Entrada al desierto En La Serena paso dos días recuperándome. Hace 10 días que partí de los Andes y aún no he descansado. Es una ciudad agradable, con playas, muchos campanarios, heladerías… Pero mi destino está 333 kilómetros más al norte, en Copiapó. Podría subir a un autobús, pagar suplemento al chofer por la bici y estar allí en poco más de tres horas, pero prefiero internarme en el desierto de Atacama lentamente, al ritmo de mi pedaleo, saboreando los cambios en el paisaje.

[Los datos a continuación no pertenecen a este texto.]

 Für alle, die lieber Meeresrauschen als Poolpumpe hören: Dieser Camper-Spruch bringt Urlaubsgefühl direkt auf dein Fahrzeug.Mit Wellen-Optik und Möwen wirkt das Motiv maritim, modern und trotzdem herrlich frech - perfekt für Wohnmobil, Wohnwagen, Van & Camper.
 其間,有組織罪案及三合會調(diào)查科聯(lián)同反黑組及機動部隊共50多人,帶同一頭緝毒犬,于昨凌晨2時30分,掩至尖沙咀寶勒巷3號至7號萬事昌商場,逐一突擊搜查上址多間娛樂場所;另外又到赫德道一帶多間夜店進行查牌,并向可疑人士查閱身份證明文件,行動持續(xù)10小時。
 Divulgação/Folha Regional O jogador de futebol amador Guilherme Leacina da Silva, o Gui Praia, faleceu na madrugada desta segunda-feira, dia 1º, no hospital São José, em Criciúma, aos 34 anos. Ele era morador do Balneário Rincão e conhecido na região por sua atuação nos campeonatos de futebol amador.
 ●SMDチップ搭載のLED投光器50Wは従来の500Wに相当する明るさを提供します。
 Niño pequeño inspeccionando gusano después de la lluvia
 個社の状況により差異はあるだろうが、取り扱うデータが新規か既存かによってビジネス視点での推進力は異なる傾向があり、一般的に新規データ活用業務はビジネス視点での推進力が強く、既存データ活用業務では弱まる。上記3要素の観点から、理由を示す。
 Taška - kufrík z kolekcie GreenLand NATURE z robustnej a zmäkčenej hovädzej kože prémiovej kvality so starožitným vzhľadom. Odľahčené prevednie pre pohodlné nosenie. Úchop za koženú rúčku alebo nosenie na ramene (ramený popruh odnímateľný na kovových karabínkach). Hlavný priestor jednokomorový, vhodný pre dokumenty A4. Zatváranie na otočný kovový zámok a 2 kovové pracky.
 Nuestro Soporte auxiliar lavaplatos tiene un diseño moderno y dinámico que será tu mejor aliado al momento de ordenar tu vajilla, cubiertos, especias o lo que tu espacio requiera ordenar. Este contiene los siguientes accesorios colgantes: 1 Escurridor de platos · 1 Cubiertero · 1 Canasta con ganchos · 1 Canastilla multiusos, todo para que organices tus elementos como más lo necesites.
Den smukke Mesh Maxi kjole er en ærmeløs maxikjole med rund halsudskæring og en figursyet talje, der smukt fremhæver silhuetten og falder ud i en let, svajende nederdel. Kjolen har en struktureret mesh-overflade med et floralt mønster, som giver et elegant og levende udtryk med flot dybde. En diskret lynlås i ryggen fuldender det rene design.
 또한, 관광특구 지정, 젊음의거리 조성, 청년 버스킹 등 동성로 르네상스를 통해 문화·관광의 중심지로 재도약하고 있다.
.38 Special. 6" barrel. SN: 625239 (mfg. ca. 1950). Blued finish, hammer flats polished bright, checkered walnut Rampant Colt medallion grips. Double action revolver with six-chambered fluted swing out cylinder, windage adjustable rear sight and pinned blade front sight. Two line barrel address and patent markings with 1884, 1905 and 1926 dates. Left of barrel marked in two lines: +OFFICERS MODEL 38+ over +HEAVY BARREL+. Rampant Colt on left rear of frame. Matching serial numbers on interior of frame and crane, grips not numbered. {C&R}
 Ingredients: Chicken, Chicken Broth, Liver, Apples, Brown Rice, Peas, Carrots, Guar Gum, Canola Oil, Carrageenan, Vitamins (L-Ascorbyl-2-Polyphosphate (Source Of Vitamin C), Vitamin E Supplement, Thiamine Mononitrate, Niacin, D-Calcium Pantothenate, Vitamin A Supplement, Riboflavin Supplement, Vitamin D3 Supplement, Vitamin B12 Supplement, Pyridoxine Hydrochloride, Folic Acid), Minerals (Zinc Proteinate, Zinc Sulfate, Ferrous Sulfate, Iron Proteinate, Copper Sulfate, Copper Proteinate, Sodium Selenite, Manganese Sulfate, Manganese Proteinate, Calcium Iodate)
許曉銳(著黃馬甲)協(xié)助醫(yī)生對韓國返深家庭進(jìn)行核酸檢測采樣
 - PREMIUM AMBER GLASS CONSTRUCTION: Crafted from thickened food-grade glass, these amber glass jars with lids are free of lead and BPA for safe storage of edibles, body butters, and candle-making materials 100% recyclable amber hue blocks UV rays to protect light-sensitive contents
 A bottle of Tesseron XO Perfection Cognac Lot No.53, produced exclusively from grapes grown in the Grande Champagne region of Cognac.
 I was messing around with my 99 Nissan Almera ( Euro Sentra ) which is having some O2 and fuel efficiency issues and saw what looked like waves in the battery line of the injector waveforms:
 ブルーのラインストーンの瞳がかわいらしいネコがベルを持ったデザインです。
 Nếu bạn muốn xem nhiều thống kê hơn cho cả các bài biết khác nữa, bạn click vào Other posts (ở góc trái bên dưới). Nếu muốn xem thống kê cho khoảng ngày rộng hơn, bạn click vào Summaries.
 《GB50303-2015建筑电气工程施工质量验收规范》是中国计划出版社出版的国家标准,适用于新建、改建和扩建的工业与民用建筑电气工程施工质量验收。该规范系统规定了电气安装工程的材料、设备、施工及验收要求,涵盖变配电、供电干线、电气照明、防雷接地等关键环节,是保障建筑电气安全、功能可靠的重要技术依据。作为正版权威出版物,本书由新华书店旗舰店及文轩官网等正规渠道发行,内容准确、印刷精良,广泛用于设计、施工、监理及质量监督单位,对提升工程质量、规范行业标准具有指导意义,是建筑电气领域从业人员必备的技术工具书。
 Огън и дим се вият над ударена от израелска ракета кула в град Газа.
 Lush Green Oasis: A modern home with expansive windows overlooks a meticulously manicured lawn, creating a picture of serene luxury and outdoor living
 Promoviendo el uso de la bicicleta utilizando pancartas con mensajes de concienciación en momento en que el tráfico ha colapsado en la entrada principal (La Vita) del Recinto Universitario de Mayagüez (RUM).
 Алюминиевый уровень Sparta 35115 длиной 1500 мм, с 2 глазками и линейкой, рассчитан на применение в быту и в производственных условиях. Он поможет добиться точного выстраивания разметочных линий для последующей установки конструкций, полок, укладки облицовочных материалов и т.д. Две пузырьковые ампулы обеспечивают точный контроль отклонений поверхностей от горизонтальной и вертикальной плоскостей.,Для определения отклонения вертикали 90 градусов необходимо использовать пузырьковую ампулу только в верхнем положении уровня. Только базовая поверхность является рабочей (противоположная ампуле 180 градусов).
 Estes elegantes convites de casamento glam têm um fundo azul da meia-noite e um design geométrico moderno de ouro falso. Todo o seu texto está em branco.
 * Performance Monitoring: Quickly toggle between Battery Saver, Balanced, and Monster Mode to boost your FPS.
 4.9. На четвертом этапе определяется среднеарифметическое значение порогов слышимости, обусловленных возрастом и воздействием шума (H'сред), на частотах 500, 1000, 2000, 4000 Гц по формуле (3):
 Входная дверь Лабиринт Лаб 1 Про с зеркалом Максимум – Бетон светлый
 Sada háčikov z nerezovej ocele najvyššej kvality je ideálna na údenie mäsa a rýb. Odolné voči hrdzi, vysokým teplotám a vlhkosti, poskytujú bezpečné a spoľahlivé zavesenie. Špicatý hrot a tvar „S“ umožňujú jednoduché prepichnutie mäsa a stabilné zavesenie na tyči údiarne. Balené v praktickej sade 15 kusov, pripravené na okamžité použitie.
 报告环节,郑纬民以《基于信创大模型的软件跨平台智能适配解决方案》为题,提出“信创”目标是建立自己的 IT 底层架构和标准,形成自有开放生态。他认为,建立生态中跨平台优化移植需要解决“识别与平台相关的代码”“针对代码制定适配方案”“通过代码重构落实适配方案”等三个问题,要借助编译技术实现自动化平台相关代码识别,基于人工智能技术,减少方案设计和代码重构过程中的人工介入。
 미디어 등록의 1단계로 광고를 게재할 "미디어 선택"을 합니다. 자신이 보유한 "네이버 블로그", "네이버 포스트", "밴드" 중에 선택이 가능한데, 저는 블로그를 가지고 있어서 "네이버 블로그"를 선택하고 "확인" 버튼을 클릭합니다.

En el desierto de Atacama el viento siempre sopla hacia las montañas. Por la noche cambia de dirección, pero con los primeros rayos de sol vuelve a marchar hacia los Andes, ganando velocidad a medida que avanza el día. Tras la dura experiencia australiana y el martirio de Tierra del Fuego, por primera vez tengo la sensación de haber acertado el sentido de la marcha. El viento favorable produce una sensación de ardor insufrible, pero es mejor así. Si tengo calor, sólo he de parar y mirar hacia atrás. El viento del oeste me secará el sudor antes de que mi nervio óptico sea capaz de enfocar el infinito. Tras varias semanas de viaje, he tomado nota de sus constantes. Mientras desayuno dentro de la tienda observo la bandera amarilla de mi remolque. A primera hora coletea tímidamente hacia poniente. A eso de las once virará hacia levante. Sólo entonces echo a pedalear, empujado por su mano amiga, por caminos infinitos. Recuerdo con nostalgia los días que recorría la Carretera Austral, en la Patagonia, donde bebía directamente del agua de los ríos. Tan limpia, tan fría… Ni siquiera debía cargarla. Sabía que antes de sentir sed cruzaría una docena de arroyos. Pero en el desierto los ríos son subterráneos y cuando el agua aflora suele hacerlo cargada de arsénico. Los guanacos la beben. También los hombres, porque los niveles no son mortales.